Hooks are shell commands that run before or after tool execution:

PreToolUse hooks: run before execution. Exit code 0 = allow, exit code 2 = deny, anything else = warn
PostToolUse hooks: run after execution with the same exit code semantics

Hook commands receive context via stdin as JSON and through environment variables (HOOK_EVENT, HOOK_TOOL_NAME, HOOK_TOOL_INPUT). Their stdout becomes feedback merged into the tool result.

This is a clever design. Instead of building a plugin API with versioning headaches, hooks are just shell scripts. They can be written in any language, they're easy to debug, and they compose naturally with existing tooling.

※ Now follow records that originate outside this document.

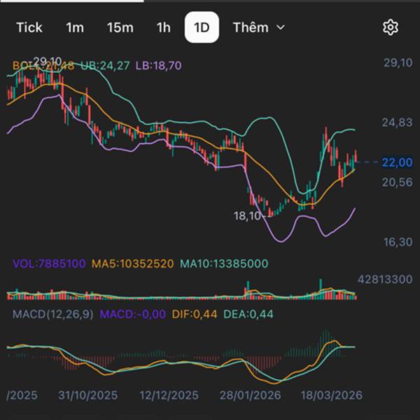 MACD cắt xuống r ae đu 22.8 hơi mát
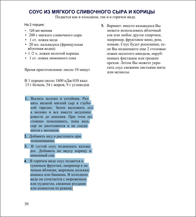 Автор: Корнелия Адам Название: Соусы Издательство: «Оникс» Год: 1997 Жанр: Кулинария Серия: «Несложно и вкусно» Формат: Pdf Страниц: 36 с илл. Качество: e-book, закладкиISBN: 5-89270-085-2 Описание: Соус может быть не только мясным или, скажем, белым. Немного фантазии позволит приготовить соус к каждому блюду. Горячий или холодный, острый или сладкий, он может превратить любую трапезу в изысканный кулинарный праздник. Вкуснейшие соусы на все случаи. С помощью несложных рецептов шаг за шагом все они получаются совсем просто: холодный соус из базилика и миндаля, соус из горгонзолы и петрушки. Все рецепты снабжены цветными иллюстрациями!Скриншоты:
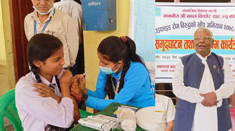 कञ्चनरुप (सप्तरी), २५ चैत्र । सप्तरीमा १५ महिनादेखि १५ वर्षमुनिका बालबालिकालाई टाइफाइड विरुद्धको खोप अभियानको शुभारम्भ भएको छ ।सप्तरीको राजविराज स्तिथ केशो अनिरुद्धबत्ती माध्यमिक विद्यालयमा आयोजित एक कार्यक्रमबीच मधेश प्रदेशका सामाजिका विकास मन्त्री नवल किशोर साहले टाईफाइड विरुद्धको खोप...
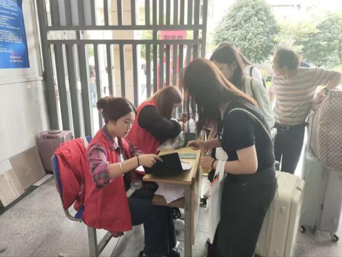 迎新现场,身着蓝色和红色马甲的志愿者们面带微笑,热忱欢迎学弟学妹们的到来,他们穿梭于咨询台、教学楼、宿舍楼、食堂等地,耐心地为新同学们提供引导、答疑、行李寄存与搬运、办理入学手续等服务。他们忙碌的身影让每一位报到的新生倍感温暖和亲切,极大地缓解了新生初入校园的紧张和焦虑感。
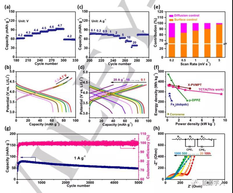 圖3.(a)分別在4.2至4.7 V的不同截止電壓下TCTA正極的循環(huán)性能和(b)相應(yīng)充電/放電曲線。(c)不同電流密度下TCTA正極的倍率性能和(d)相應(yīng)充電/放電曲線。(e)在不同掃速下擴(kuò)散控制和表面控制的容量貢獻(xiàn)率,(f)文獻(xiàn)中報(bào)道的TCTA和其他有機(jī)正極材料的性能比較,(g)TCTA正極在1 A g-1下的長期循環(huán)性能,(h)在500 mA g-1時不同周期的TCTA正極的EIS譜(內(nèi)部:等效擬合電路)。

CLAUDE.md discovery walks the entire directory tree

The instruction file discovery is more thorough than most people realize. Starting from the current working directory, it walks every ancestor directory up to the filesystem root, checking for:

CLAUDE.md
CLAUDE.local.md
.claude/CLAUDE.md
.claude/instructions.md

Files are deduplicated by content hash and loaded with a total budget of 12K tokens (4K per file). This means you can have project-level instructions, monorepo-level instructions, and user-level instructions that all compose together.

Sandbox: namespace isolation on Linux, fallback on macOS

The sandbox system has three modes: Off, WorkspaceOnly (default), and AllowList.

On Linux, it uses unshare to create actual namespace isolation - user, mount, IPC, PID, and UTS namespaces - with optional network isolation. This is real container-like isolation without needing Docker.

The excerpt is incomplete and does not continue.